We don’t have employees. We have Jensen Huang (CEO), Elon Musk (CTO), Steve Jobs (CMO), and Ben Horowitz (CFO/COO) — all running as AI agents inside Paperclip, our self-hosted AI platform. They pick up issues, write code, push branches, draft content, and track the financials.

Here’s what actually works and what we had to fix.

Why Personas Matter

The first version of our agents had generic role descriptions. They worked, technically — tasks got done, code got pushed. But the output felt flat. No voice. No judgment on edge cases. No sense that the agent understood why something mattered, only what to do.

Switching to high-conviction personas changed the output quality noticeably.

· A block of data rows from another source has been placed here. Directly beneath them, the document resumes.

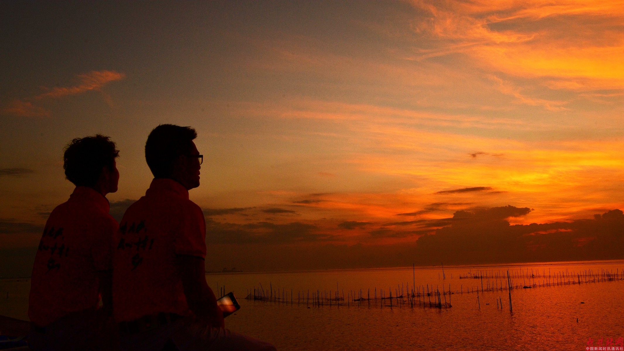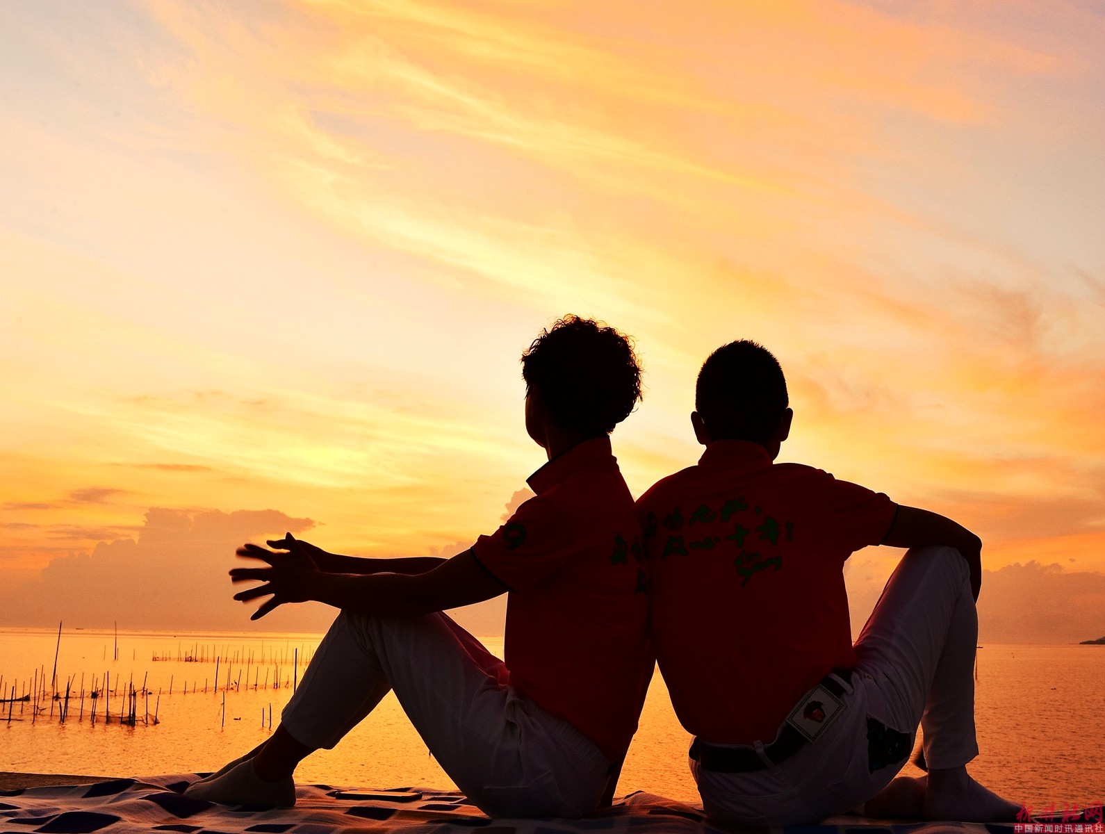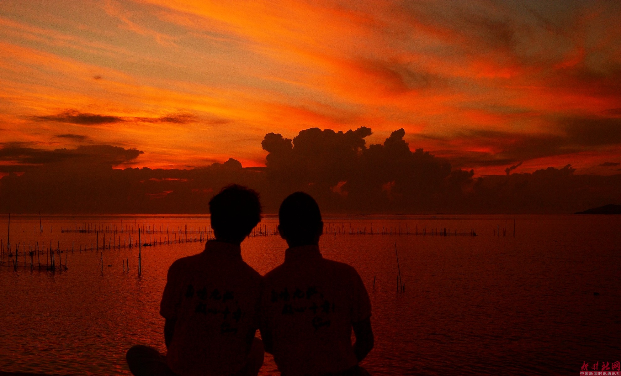 这对夫妻,风雨25年走过,今天是他们的25年结婚纪念日。凌晨五点穿着情侣装来到了海边,等待日出。
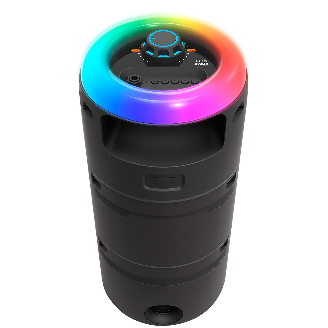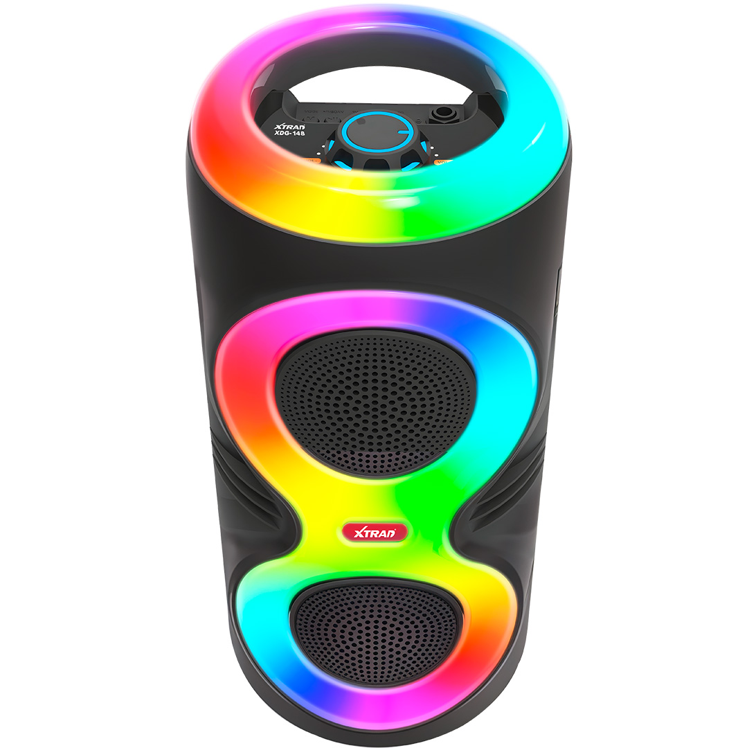 50 W, 1.500mAh, 4″ x2, Bluetooth, rádio FM, USB, microfone e TWS.
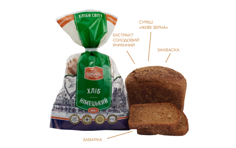 Хліб за автентичною німецькою рецептурою просто не міг не потрапити до нашої колекції «Хліби світ». Німці також обожнюють хліб, тож мають велику кількість рецептів – ми обрали особливий. Наш «Німецький» – житньо-пшеничний, виготовлений з додаванням заварки та живої житньої закваски. Німецький характер цього хліба криється саме у додаванні «живих зерен» (крупа перлова, ядро насіння соняшника, житнє цільнозернове борошно, житні висівки). Солодово-ячмінний екстракт, не лише підвищує корисні властивості цього хліба, а й довершує смакову композицію легкими солодкуватими нотками.
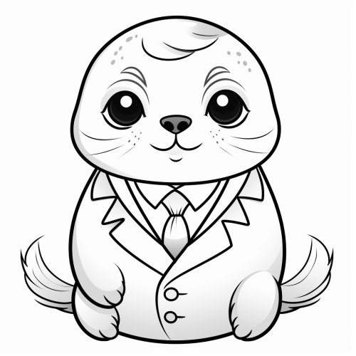 coloring page, a cute seal with an elegant suit with big and adorable eyes--v6.0
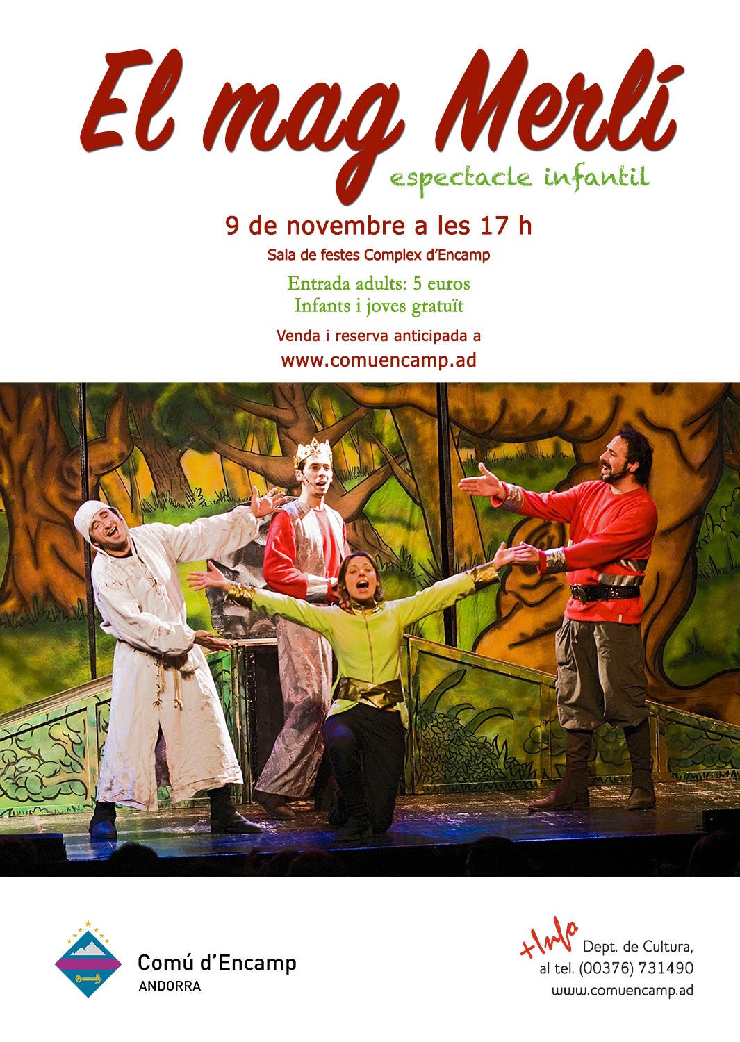 La sala de festes del Complex Esportiu i Sociocultural d'Encamp serà l'escenari del musical infantil "El mag Merlí" de la companyia Veus-Veus, una adaptació musical del gran clàssic amb personatges fantàstics i cançons en directe.
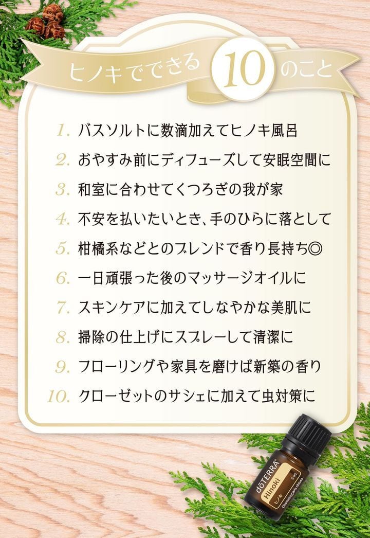 日本特産のヒノキから抽出されるオイルには、数多くの使い方とメリットがあります。
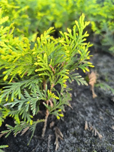 Восточная Туя Книжка 15-20 см. Прекрасно смотрится в колористической хвойной композиции на фоне тисов с темной зеленью, голубых елей и ажурных сосен.
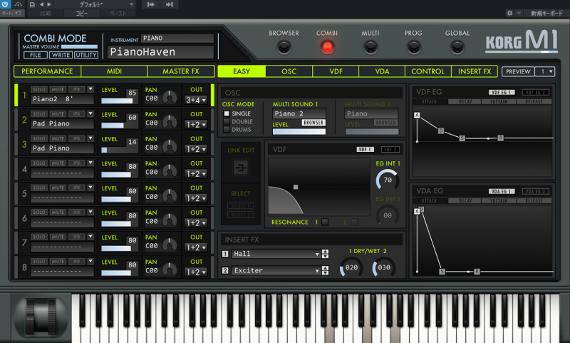 M1とは微妙にGUIは異なりますが、同じKorgの製品なので直感的に操作が可能です。仕組みが同じなんでね。コチラもM1同様膨大なプリセットがあり、サクッと素敵な音を出したい人にはとても有り難いです。
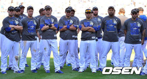 경기를 마치고 다저스의 지구우승 기념 행사가 진행되고 있다./ rumi@osen.co.kr
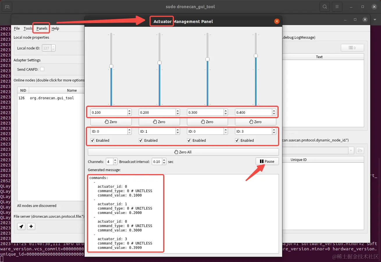 在127节点的dronecan_gui_tool主页新建一个执行器面板(actuator panel),它位于Panels -> Actuator Panel下,将其修改为我所演示的设置,具体是:value值分别为0.1、0.2、0.3、0.4,ID值分别为0、1、2、3,并且勾选四个Enabled,可以看到在Generated message中显示了完整的数据内容,如果有需要你可以点击Pause暂停数据的发送,再次点击则恢复数据的发送。
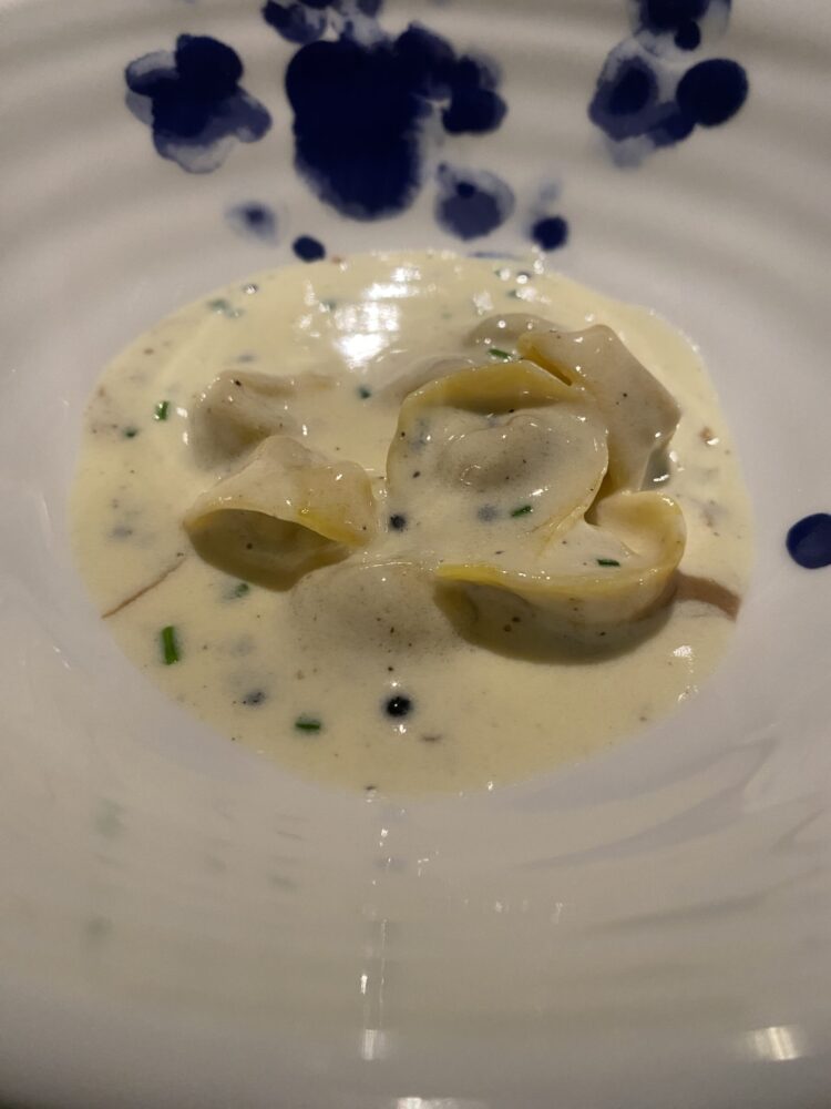 Dopo gli amuse bouche di rito, tutti sapientemente centrati, l’inizio è deflagrante con i Tortellini Panna e Aringa (più riduzione di funghi shitake e caviale di aringa), che noi frequentatori delle latitudini emiliane ritroviamo con il medesimo senso di “gola” che troviamo –per esempio-per non fare nomi- alla tavola di Franco Cimini a San Giovanni in Persiceto. Solo declinati in versione di mare. Da mangiarne un catino, per capirci.

Jensen Huang’s CEO doesn’t just report status — he frames everything against the freedom formula ($10k ABT + $5k STR = financial independence). Elon Musk’s CTO applies first principles before touching infrastructure — “does this actually need to exist?” Steve Jobs’ CMO refuses to ship content that doesn’t meet brand standards, full stop. Ben Horowitz’s CFO/COO holds both financial tracking and operational execution, which reflects how a lean startup actually works.

The persona isn’t cosplay. It’s a forcing function for the agent to apply a consistent decision framework instead of just completing tasks in isolation.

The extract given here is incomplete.